There are different methods that we can use in factoring quadratic expressions. The tricky part is that not every method applies to every quadratic expression, so you must familiarize yourself with each method until you know which one to use in any given quadratics. This article will provide you with a complete guide on using each method and examples so we can apply them.

## How to Factor a Quadratic Equation

In factoring a quadratic equation $ax^2+bx+c=0$, you need to solve for the factors $p_1 x+r_1$ and $p_2 x+r_2$ such that:

$$(p_1 x+r_1 )(p_2 x+r_2 )=ax^2+bx+c.$$

For instance, take the quadratic equation:

$$2x^2+3x-2=0.$$

The factors of the given quadratic polynomial are $2x-1$ and $x+2$ because, when multiplied, it will give us the polynomial $2x^2+3x-2$. So we can rewrite the quadratic equation above as

$$(2x-1)(x+2)=0.$$

But before you can solve these factors, you must first know which method to use to arrive at the correct factors of a quadratic polynomial. Of course, you cannot go around multiplying every factor you can think of until you arrive at the original quadratic expression.
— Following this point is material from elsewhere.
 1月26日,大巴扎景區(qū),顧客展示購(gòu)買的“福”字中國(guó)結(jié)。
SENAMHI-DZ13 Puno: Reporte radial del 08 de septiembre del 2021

In this article, we exhaust all the possible methods we could use in factoring quadratic expressions. We will discuss the following methods, which quadratic polynomials they apply, and give examples.
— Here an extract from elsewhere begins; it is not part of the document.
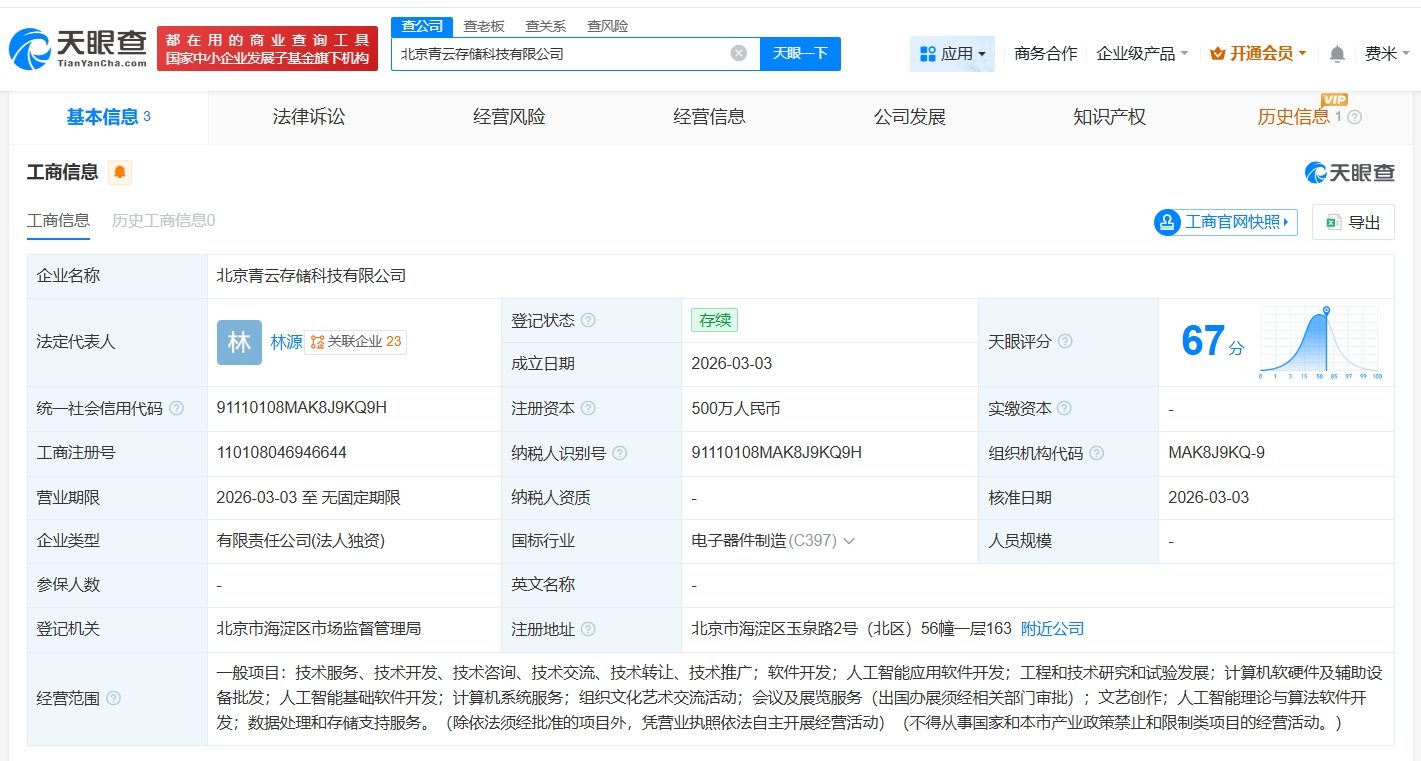 天眼查App显示,近日,北京青云存储科技有限公司成立,法定代表人为林源,注册资本500万人民币,经营范围包括人工智能应用软件开发、人工智能基础软件开发、数据处理和存储支持服务等。

- Factoring Using the Greatest Common Factor
- Factoring by Grouping
- Factoring Using the Middle Term
- Factoring Perfect Square Trinomials
- Factoring Difference of Squares
- Factoring Quadratic Formula

### Factoring Using the Greatest Common Factor

Some quadratic expressions share a common factor in each term in the expression. The goal is to factor out the greatest factor common to each term.

We are familiar with finding the greatest common factor of two numbers. For example, the greatest common factor of $12$ and $18$ is $6$. This also applies to factoring quadratics that share a common factor.

This method applies to quadratic expressions of the form:

$$ax^2+bx.$$

where $a$ and $b$ share a common factor. If $d$ is the greatest common factor of $a$ and $b$, then we can factor out $d$ on $a$ and $b$ so that we have coefficients $\dfrac{a}{d}$ and $\dfrac{b}{d}$.

$$ax^2+bx=d\left(\dfrac{a}{d} x^2+\dfrac{b}{d} x\right)$$

Note that since $d$ is a factor of $a$ and $b$, we are guaranteed that $\frac{a}{d}$ and $\frac{b}{d}$ are integers. Moreover, we can also factor out $x$ since $x$ is the greatest common factor of $x$ and $x^2$.

Thus, factoring the expression, we have:

$$ax^2+bx=(dx)\left(\dfrac{a}{d}x+\dfrac{b}{d}\right).$$

Let’s look at some of the examples.

### Example 1

- Factor the quadratic expression $15x^2-25x$.

We take the coefficients $15$ and $25$ and solve for its greatest common factor. We know that the greatest common factor of $15$ and $25$ is $5$. Thus, we can factor out $5x$ from the expression. So we have:

\begin{align*}

15x^2-25x&=(5x)\left(\dfrac{15x^2}{5x}-\dfrac{25x}{5x}\right)\\

&=(5x)(3x-5).

\end{align*}

Hence, the factors of $15x^2-25x$ are $5x$ and $3x-5$.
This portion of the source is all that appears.